__What you have to do__:
What is needed is an exact reproduction of the lines in the records below, starting at the line with "Whimsical Barnyard Chicken" and ending at the line with "基本的に複数担任制で事務作業", both included, and nothing else; pictures stay out.

__Saved entries__:
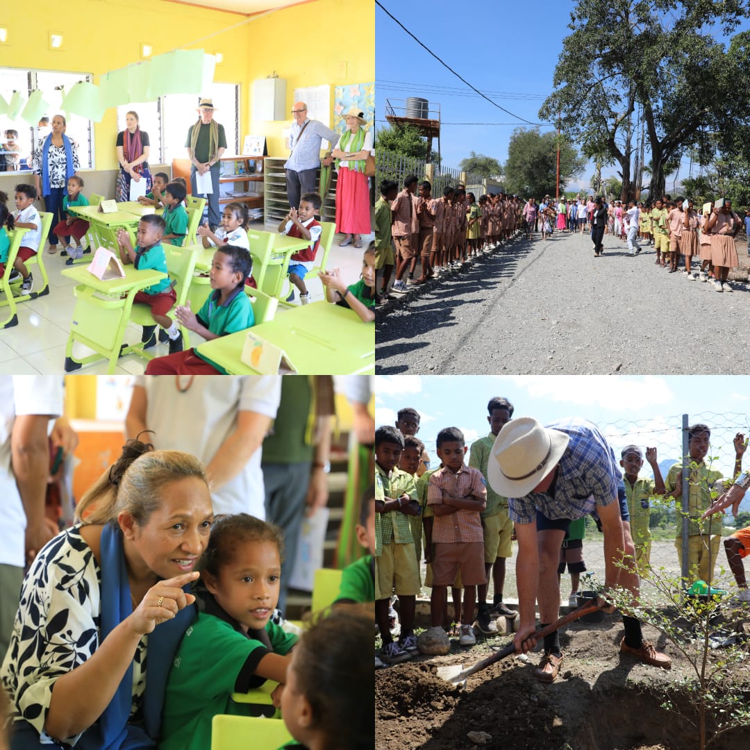 Vizita ida neโe, hodi observa direta prosesu aprendizajen iha nรญvel eskola sira, fahe materiรกl halimar ba labarik Prรฉ-Eskolรกr, no halo ativdade simbรณliku hanesan kuda ai-oan iha รกrea eskola nian, atu fรณ mahon no haktuir ambiente foun atu fรณ motivasaun ba estudante no komunidade.
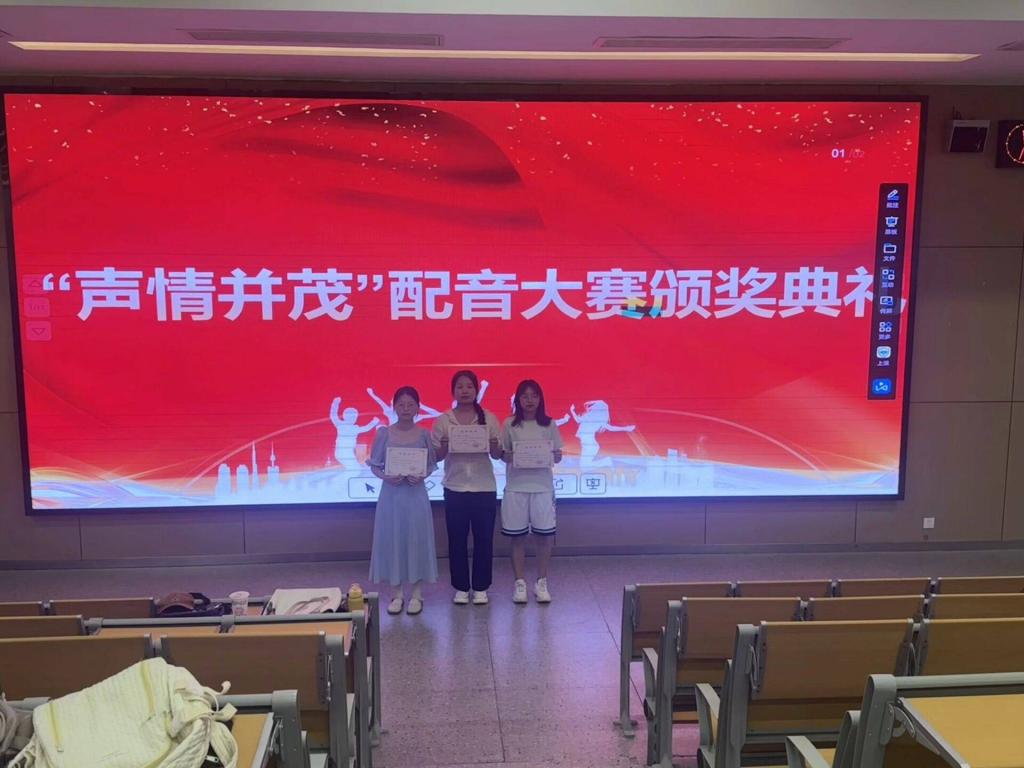 颁奖典礼伊始,主持人对本次配音活动进行总结,宣布获奖名单并对同学们的积极参加表示感谢,随后十组获奖选手按奖项依次上台领取证书并进行合影留恋。
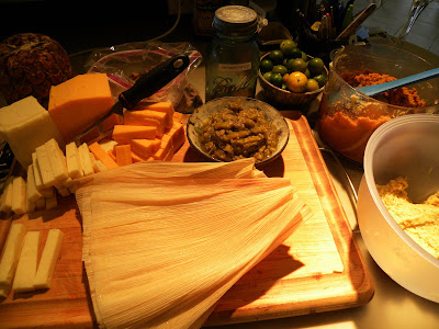 As promised, I am giving you the recipe for tamales. The masa or dough is my basic and most favorite masa, made with fresh corn. I also rendered my own lard. You can see step by step instructions for rendering lard here. The fillings and wrappings can vary greatly in style as well as ingredients. I used dried corn husks that had been soaked for a few hours in hot water. You can also use fresh or frozen banana leaves or Ti leaves but they will need to be softened briefly on a grill so that they will bend but not break. I used lengths of cotton cooking string and strips of the corn husks to tie the tamales, but there are versions that are made folded and not tied at all.
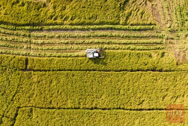 “抢收水稻的高效率,离不开宜机化政策改造的助力。这里原本的坡地经过改造后更加平整,适合机械化作业。”易小杰跳到田埂上,指着不远处介绍。只见对面一层层的稻田在坡地上方向下延伸,形成了大片的梯田。
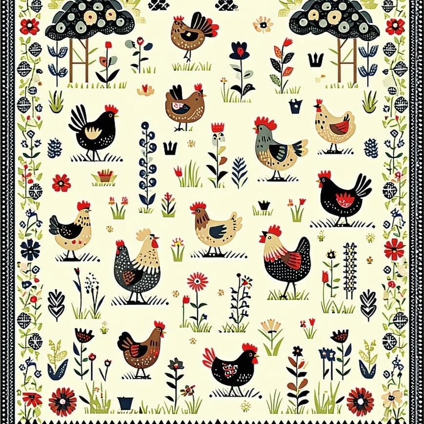 Whimsical Barnyard Chicken & Floral Rug(Ivory)
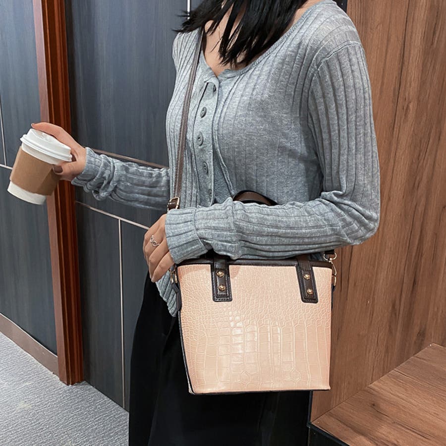 小さめで持ち歩きやすいバケツ型PUレザーショルダーバッグ
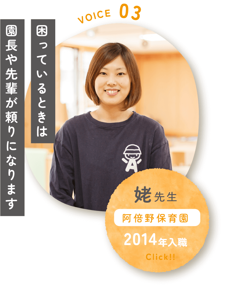 基本的に複数担任制で事務作業も分担しており、勤務時間内で完結できるようにしています。1年単位の変形労働時間制をとっており、4週間に6日の休日保障、加えて夏季には5日の特別休暇があります。有給休暇も取りやすく、急な休みにも対応ができるため、子育て真っ最中の職員もたくさんいますが安心して働いています。
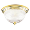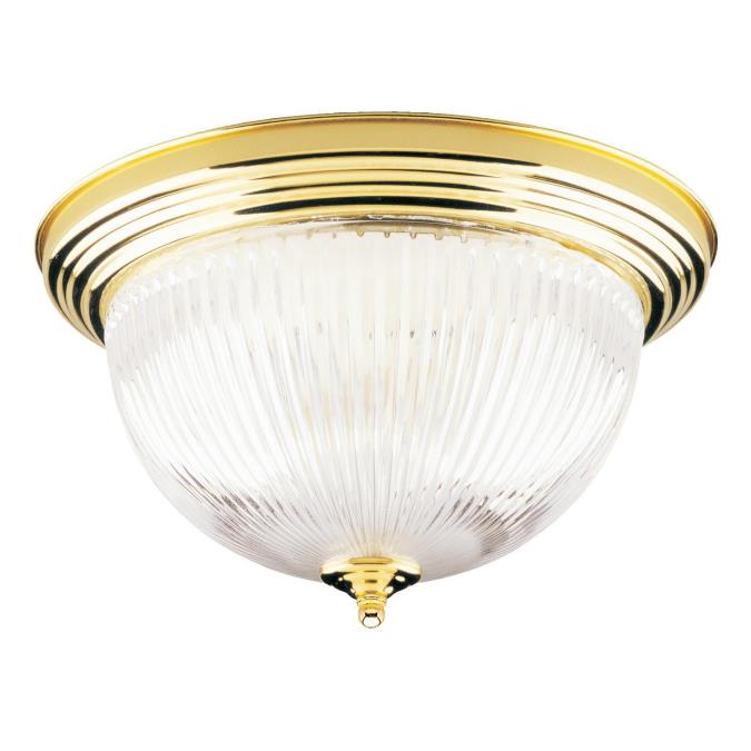 With a polished brass finish and crystal ribbed glass, this two-light flush-mount ceiling fixture adds brightness to your home. Lustrous and radiant, the fixture suits formal decors especially well.
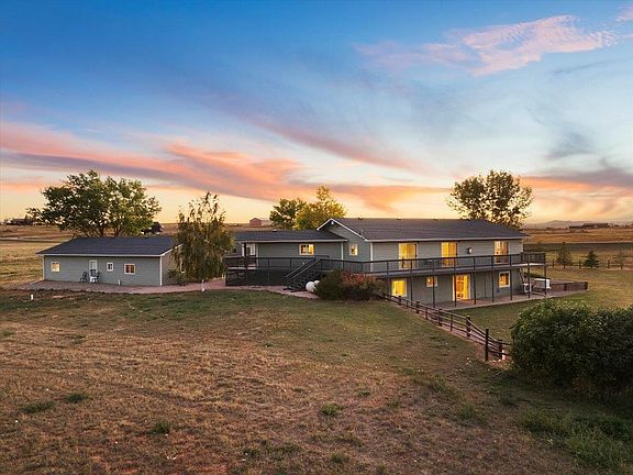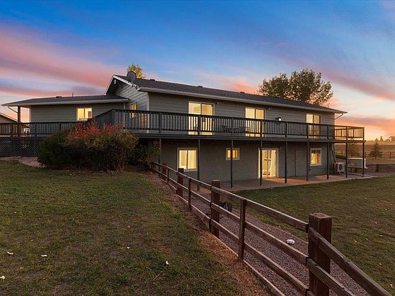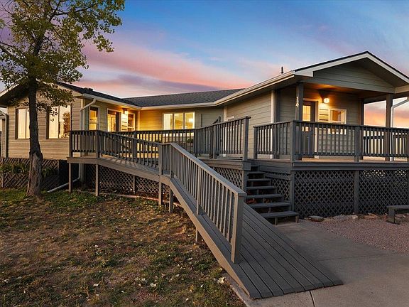 Singer Team Realty Presents the beautiful Wyoming Black Hills. 14 Red Bluff Road in Beulah WY., this home is nestled on 5.05 acres with views of the hills in every direction. This 5 bedroom (1 non-conforming) 5 bath home has a large wrap around deck where you can watch the amazing sunsets, as well as a enclosed Sun Room to enjoy your morning coffee. The main floor has a Primary Bedroom, Primary Bath and a spacious open concept Living, Dining and Kitchen with 3 sets of sliders to the deck. Mud Room has a washer and dryer as well as a full bath!. There is a fully finished walk-out basement with sliders that can be used as a mother-in-laws suite or an investment opportunity. Includes a Full Kitchen, Ensuite Bedroom and Bath. 2 Family Rooms, 2nd Bath with a step in jetted tub. A large 2nd Bedroom, an additional smaller non-conforming bed or office with closet. 2 Mechanical rooms with their own Hot Water Heaters and Electrical Panels. Whole house Generac Generator, New Roof and Gutters. New Exterior Paint, Deck Freshly Painted. New Interior Paint most rooms, Carpets Cleaned. Christina Singer Keller Williams Realty Black Hills 605-920-1518

__Solved problem__:
 Whimsical Barnyard Chicken & Floral Rug(Ivory)
 小さめで持ち歩きやすいバケツ型PUレザーショルダーバッグ
 基本的に複数担任制で事務作業も分担しており、勤務時間内で完結できるようにしています。1年単位の変形労働時間制をとっており、4週間に6日の休日保障、加えて夏季には5日の特別休暇があります。有給休暇も取りやすく、急な休みにも対応ができるため、子育て真っ最中の職員もたくさんいますが安心して働いています。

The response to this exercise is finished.